The whisper was telling him that his trail, once cold, was now being followed. And not by the rampaging tigers, but by something cold, patient, and methodical.
Gui Ren.
Jian Feng stopped his work. His initial strategy of scavenging the edges was sound, but it relied on the hunters being predictable. If a true predator was on his heels, he needed to give it something to chase.
He moved to a nearby game trail, a path used by wild beasts. Deliberately, he scuffed his boot in the dirt, creating a clear, obvious footprint pointing deeper into the northern crags. A few dozen meters later, he snagged a thread from his sleeve—identical to the one lost at the stream—and caught it on a low-hanging branch. He continued this charade for half a kilometer, creating a trail that was just a little too easy to follow, a trail that screamed amateur. It was a path for a fool. Or, it was bait for a genius.

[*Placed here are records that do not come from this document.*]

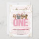 Mädchen wilde eine Safari Thema Geburtstagseinladung. Dieses Design ist hell und kühn und hat die niedlichen Safari Dschungel Babys Tiere, mit herrlichen tropischen Blume, rosa Aquarellstrümpfe und Spritzer von Goldstaub ist sicher, Set für eine bunte Safari-Thema Mädchen Geburtstagsparty.
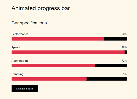Animated progress bars with jQuery. It is a simple implementation for Website usage to build specifications for different things like for cars, buildin...
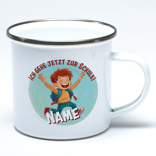 Emailletasse zur Einschulung Motiv Junge und Wunschname- Tolle Geschenkidee

Chaos was beginning to ripple through the valley. Far from the silent hunt in the north, two disciples from the Crimson Cloud Sect were cornered by a furious Raging Tiger team.
"Where is he?!" a tiger disciple with a fresh scar on his cheek demanded. "We know you lesser clans would curry favor with the Azure Dragons! Did their ghost pass this way?"
"We've seen no one!" the Crimson Cloud disciple protested, his hands up in surrender. "We've been tracking a Three-Tailed Fox all morning!"
The confrontation was pointless, born of Hu Jin's impotent rage, and it was happening all over the valley. Smaller clans found their hunts disrupted and their disciples harassed. The fragile ecosystem of the trial was breaking down, all because of one person's actions.
Meanwhile, Jian Qiao listened to a different rumor, one whispered between two disciples from the Golden Blade Sect as they tended their wounded nearby.
"...scared the life out of us," one said, his voice hushed. "We were stalking a Steel-Back Ape near the Eastern Falls. Suddenly, this mist rolled in. Thick and dead silent. It wasn't natural."
"What did you do?" his companion asked.
"We ran, of course! When we came back an hour later, the mist was gone. But the ape… it was dead. Not a mark on it, not a scratch. Its beast core was still inside, untouched."
"Strange. So what was taken?"
The disciple shuddered. "That's the thing. Nothing we could see. But Old Man Feng, you know, the one who knows about obscure spiritual herbs? He said the ground around the ape felt… hollow. He said it was as if its 'Spiritual Root' had been pulled right out of it. He said only grandmasters or those with a bizarre inheritance would even know how to do that, let alone want to."
Jian Qiao froze. A silent mist. A kill with no visible wounds. The theft of an esoteric spiritual essence instead of the valuable core. This was not Jian Feng's style. His methods were efficient, logical, and grounded. This was… ethereal. It was another ghost, playing an entirely different game on the same board.
Gui Ren's team eventually converged on the game trail. Disciple Zhao pointed to the obvious footprint. "Senior Brother, the trail is clear here. He's getting careless."
Gui Ren didn't move. He stared at the footprint, then at the artfully placed thread on the branch. He saw the path stretching ahead into the rocky terrain. It was a perfect trail. Too perfect. A panicked boy would leave a messy trail. A cunning man would leave no trail. Only a provocateur would leave a trail that looked like a panicked boy made it.
This wasn't a trail. It was a message. It was a question. Are you smart enough to see the trap?
A slow, cold smile, more chilling than any frown, touched Gui Ren's lips. His opponent was more magnificent than he had imagined.
"Follow it," he commanded, his voice filled with a newfound, dangerous excitement. "Cautiously. Let us see what lesson he wishes to teach us."